Format File Types Detection
HL7 aECG .xml <AnnotatedECG in header
Philips Sierra XML .xml <restingecgdata in header
ISHNE Holter .ecg, .hol ISHNE1.0 or ANN 1.0 magic bytes
Mortara EL250 .xml <ECG + <CHANNEL in header
EDF/EDF+ .edf "0 " at offset 0
SCP-ECG .scp Valid Section 0 pointer table at offset 6
GE MUSE XML .xml <RestingECG> in header
DICOM Waveform .dcm DICM at offset 128
WFDB (PhysioNet) .hea + .dat .hea extension + valid header
MFER .mwf, .mfer Valid MFER tag + BER length
Mindray BeneHeart R12 .xml <BeneHeartR12> or <MindrayECG>
GE MAC 2000 .xml <MAC2000> or <GE_MAC>

Signal Processing

Category Capabilities
Filtering Butterworth (lowpass, highpass, bandpass, notch), baseline removal, diagnostic & monitoring presets
Peak Detection Pan-Tompkins, Shannon energy
Heart Rate Average HR, RR intervals, instantaneous beat-by-beat HR
HRV Analysis Time-domain (SDNN, RMSSD, pNN50), frequency-domain (VLF/LF/HF), Poincaré (SD1/SD2)
Spectral FFT, Welch PSD, beat segmentation, ensemble averaging
Quality Signal quality index (SQI), SNR estimation
Leads Derive III, aVR/aVL/aVF, full 12-lead assembly
Cleaning Built-in, BioSPPy, NeuroKit2, combined pipelines
Deep Denoising DeepFADE — a DenseNet encoder-decoder denoising autoencoder trained on a large private ECG database (weights bundled)

Visualization

Type Plots
ECG Waveforms Single lead, multi-lead, standard 12-lead grid with paper background
Annotations R-peak markers, RR intervals, heart rate overlay
Beat Analysis Segmented beats, ensemble-averaged beat with SD shading
Spectral Power spectrum (PSD/FFT), spectrogram
HRV Tachogram, Poincaré plot, frequency bands, metrics dashboard
Reports Signal quality per lead, full ECG report with patient info
Interactive All plots available as interactive Plotly versions (zoom, pan, hover)

Installation

# Core (parsing only)
pip install ecgdatakit

# With signal processing
pip install "ecgdatakit[processing]"

# With static plots (matplotlib)
pip install "ecgdatakit[plotting]"

# With interactive plots (plotly)
pip install "ecgdatakit[plotting-interactive]"

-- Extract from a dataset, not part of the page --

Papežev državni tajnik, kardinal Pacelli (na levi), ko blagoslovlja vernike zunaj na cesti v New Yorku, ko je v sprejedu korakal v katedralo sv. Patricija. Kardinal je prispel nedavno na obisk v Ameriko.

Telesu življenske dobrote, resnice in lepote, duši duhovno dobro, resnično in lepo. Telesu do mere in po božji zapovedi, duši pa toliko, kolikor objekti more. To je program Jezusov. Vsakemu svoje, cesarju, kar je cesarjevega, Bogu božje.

# With ECG cleaning backends
pip install "ecgdatakit[cleaning]"

# With DeepFADE denoising autoencoder (requires torch)
pip install "ecgdatakit[denoising]"

# Everything (except torch — install separately if needed)
pip install "ecgdatakit[all]"

Optional extras for specific formats:

pip install "ecgdatakit[holter]"   # ISHNE Holter CRC validation
pip install "ecgdatakit[dicom]"    # DICOM waveform support

Quick Start

Parse an ECG file

from ecgdatakit import FileParser

record = FileParser().parse("path/to/ecg_file.xml")

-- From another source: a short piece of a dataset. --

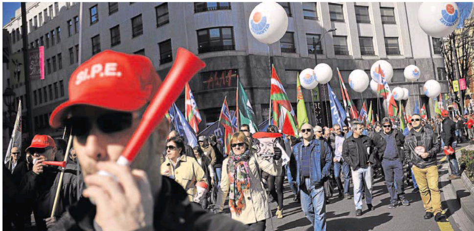
Una multitudinaria manifestación recorrió la Gran Vía de Bilbao.

print(record.source_format)            # "sierra_xml"
print(record.patient.first_name)       # "John"
print(record.patient.age)              # 55
print(record.recording.sample_rate)    # 500
print(record.measurements.heart_rate)  # 75
print(record.device.manufacturer)      # "Philips"
print(record.signal.data_encoding)     # "base64"
print(len(record.leads))               # 12

json_str = record.to_json()

Process signals

from ecgdatakit.processing import (
    diagnostic_filter, detect_r_peaks, heart_rate,
    rr_intervals, time_domain, signal_quality_index, clean_ecg,
)

lead = record.leads[1]

filtered = diagnostic_filter(lead)

peaks = detect_r_peaks(filtered)
peaks_se = detect_r_peaks(filtered, method="shannon_energy")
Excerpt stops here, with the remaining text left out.